:: SUPPLIED MATERIAL ::

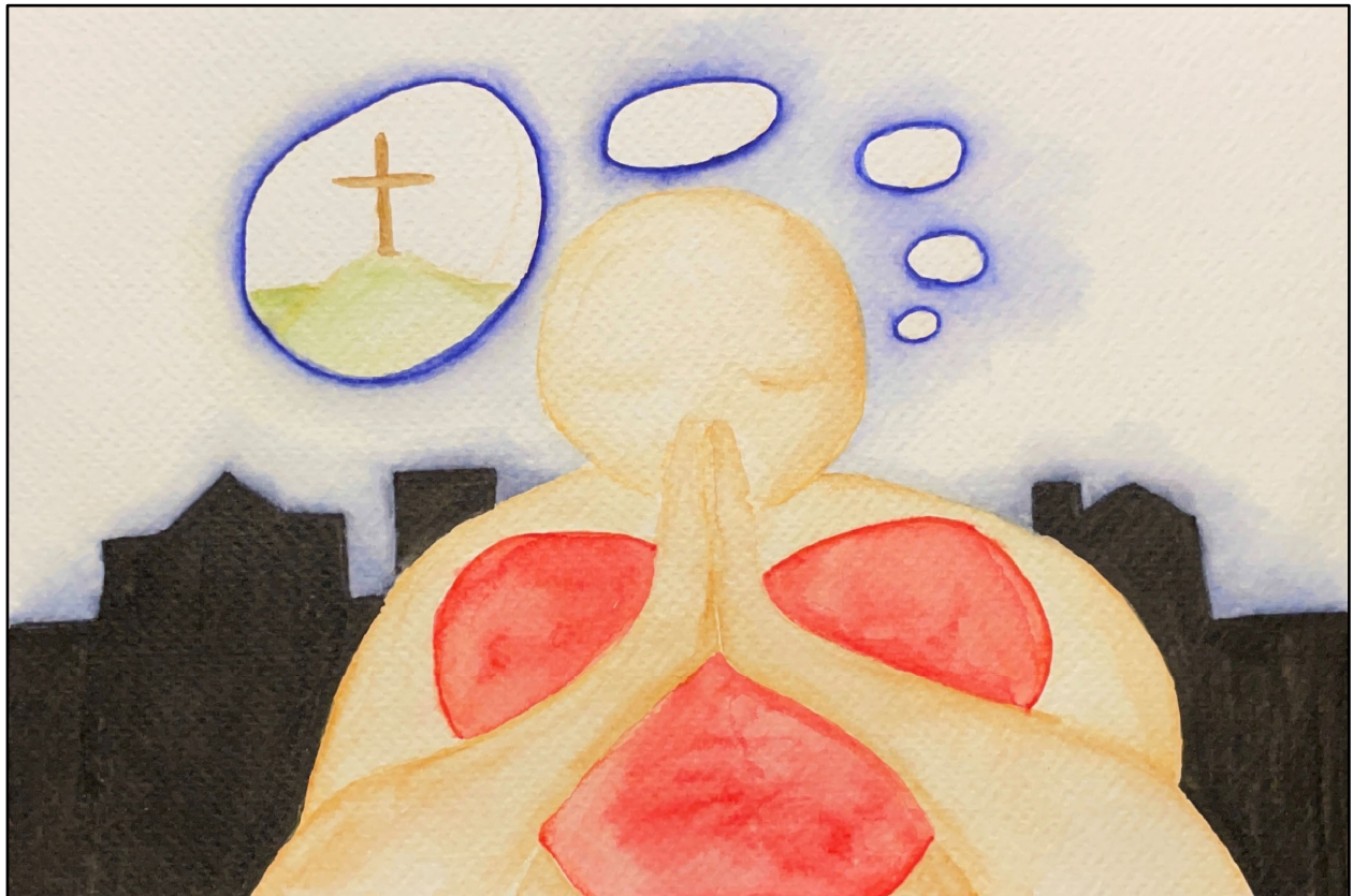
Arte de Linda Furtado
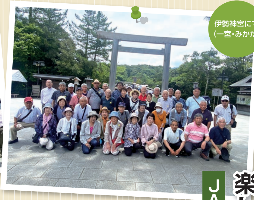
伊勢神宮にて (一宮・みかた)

:::
:: SUPPLIED MATERIAL ::

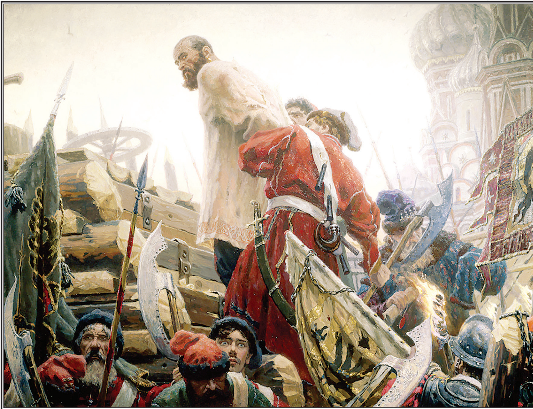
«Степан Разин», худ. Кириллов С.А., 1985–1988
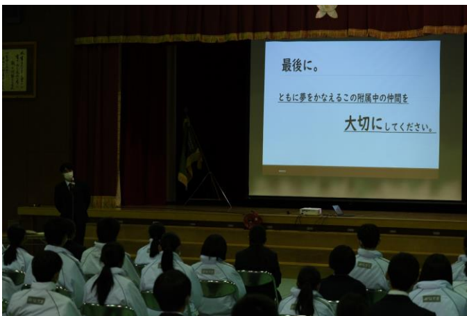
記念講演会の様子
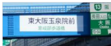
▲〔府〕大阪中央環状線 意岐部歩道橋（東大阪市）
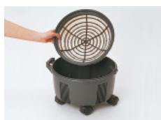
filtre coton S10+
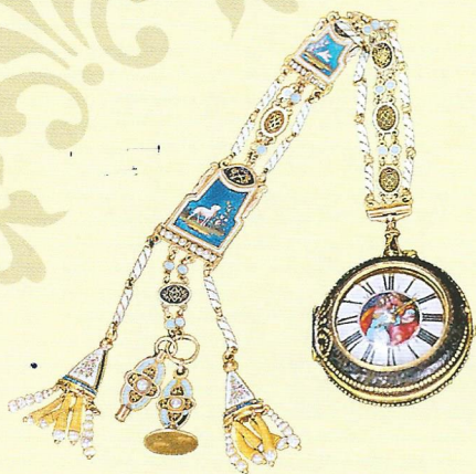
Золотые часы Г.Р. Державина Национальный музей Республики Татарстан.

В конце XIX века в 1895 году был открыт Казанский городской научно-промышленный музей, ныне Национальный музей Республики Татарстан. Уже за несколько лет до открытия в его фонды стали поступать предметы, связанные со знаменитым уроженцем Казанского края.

:::

PROBLEM TO SOLVE: Take from the listing above each line containing "музей".

OUTPUT:
Золотые часы Г.Р. Державина Национальный музей Республики Татарстан.
В конце XIX века в 1895 году был открыт Казанский городской научно-промышленный музей, ныне Национальный музей Республики Татарстан. Уже за несколько лет до открытия в его фонды стали поступать предметы, связанные со знаменитым уроженцем Казанского края.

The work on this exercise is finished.